Systems administrators with experience working in mainframe environments have good reason to demand storage management automation. After all, they're used to it. The trouble is that most of them now work primarily, if not solely, in distributed computing environments. As Scott Kennedy, VP of strategic business development for storage management software vendor Fujitsu Softek (Sunnyvale, CA) puts it, "Many of the problems with storage management in the open systems arena were solved ten years ago in the mainframe arena." Computer Associates' Senior VP for Storage Management Nigel Turner agrees, noting vast differences in storage utilization, a key indicator of storage management effectiveness: "In centralized, mainframe environments, utilization is often 80% or 90%, while in the distributed space, it typically remains at only 30% or 40%. The difference is that, in the mainframe space, there are tools that monitor utilization in real-time and react to changing capacity demands automatically."
Fortunately, storage management software developers targeting distributed computing environments are knocking down the primary barrier to automation - vendor heterogeneity. "In a typical distributed infrastructure, there will be four or five operating systems, with multiple applications running across those platforms," says Kennedy. "When you add in software tools from each of the storage device vendors, you're looking at as many as 50 or 60 software products an end user would need to be trained to use."
So, storage management software vendors are building layers on top of the device-management tools provided by hardware vendors. Except for occasional tweaking at the firmware or microcode level, an overarching management layer protects users from having to deliberately access specific vendors' tools. That gives administrators a single interface from which they can set and monitor policies that automatically control a range of storage management functions: monitoring capacities, provisioning storage for applications, mirroring volumes, archiving files, and coordinating backup processes. "Automated storage tools should be designed to relieve users of the burden of dealing with individual devices," says Erez Ofer, EVP, open software operations, EMC Corp. (Hopkinton, MA). "Instead, users should be moving more and more into the mode of managing storage pools."
Industry Standards Ease Device Management
Of course, the job of "managing the managers" can be accomplished only if the managers agree to be managed. In other words, unless device vendors support attempts at defining interoperability standards, an overarching software suite has only limited ability to "take control" of underlying device tools. Not surprisingly, you'd be hard-pressed to find a vendor rep who doesn't confirm the company's commitment to and participation in standards initiatives. And, just take a look at the roster for any of the various working committees sponsored by the Storage Networking Industry Association (SNIA). They're packed with engineers and executives from the major hardware and software manufacturers.

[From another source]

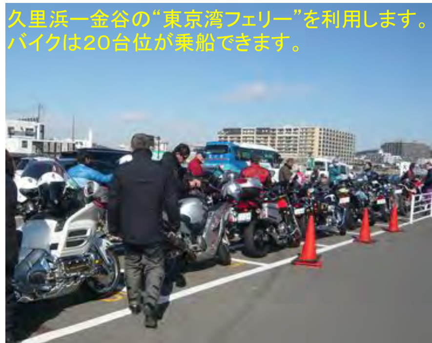
久里浜一金谷の“東京湾フェリー”を利用します。 バイクは20台位が乗船できます。

Those committee activities reflect general movement on the interoperability front. As EMC's Ofer observes, "Vendors are exchanging APIs [application programming interfaces]. And, CIM [common information model] demonstrations have been occurring for a couple of years." Computer Associates' Turner admits that, when vendors write to standards, storage management software tools can readily interoperate with storage hardware. "We've created a standard CIM portal," he explains. "When our software encounters a device that has a CIM interface, it can immediately launch that device's management tools. So, building to CIM or Bluefin standards is a necessity. People are spending an inordinate amount of time getting information from various management tools."
But, even Turner knows that interoperability standards won't completely eliminate the need for systems administrators to deal with proprietary vendor tools - not soon and probably not ever. Why not? Well, business is business, after all. "In addition to building CIM interfaces, every hardware manufacturer will continue to also build proprietary extensions into their products in order to differentiate themselves from the competition," Turner says. "So, we'll probably never get completely away from low-level coding."
Although he doesn't point to the market as the primary factor, Fujitsu Softek's Kennedy agrees that systems administrators will likely always have occasional needs to access vendor-specific management tools. "When you buy, say, a fabric switch, you also get a specific tool to look into it. You're always going to need those interfaces to go in and upgrade the microcode," he says. "Higher-level storage management software just tries to simplify the view by embedding the path to the device. Since 90% of the time you're not going to need to run the vendor's software, making it accessible through a single management interface keeps you from having to find the device or remember how to launch its tools."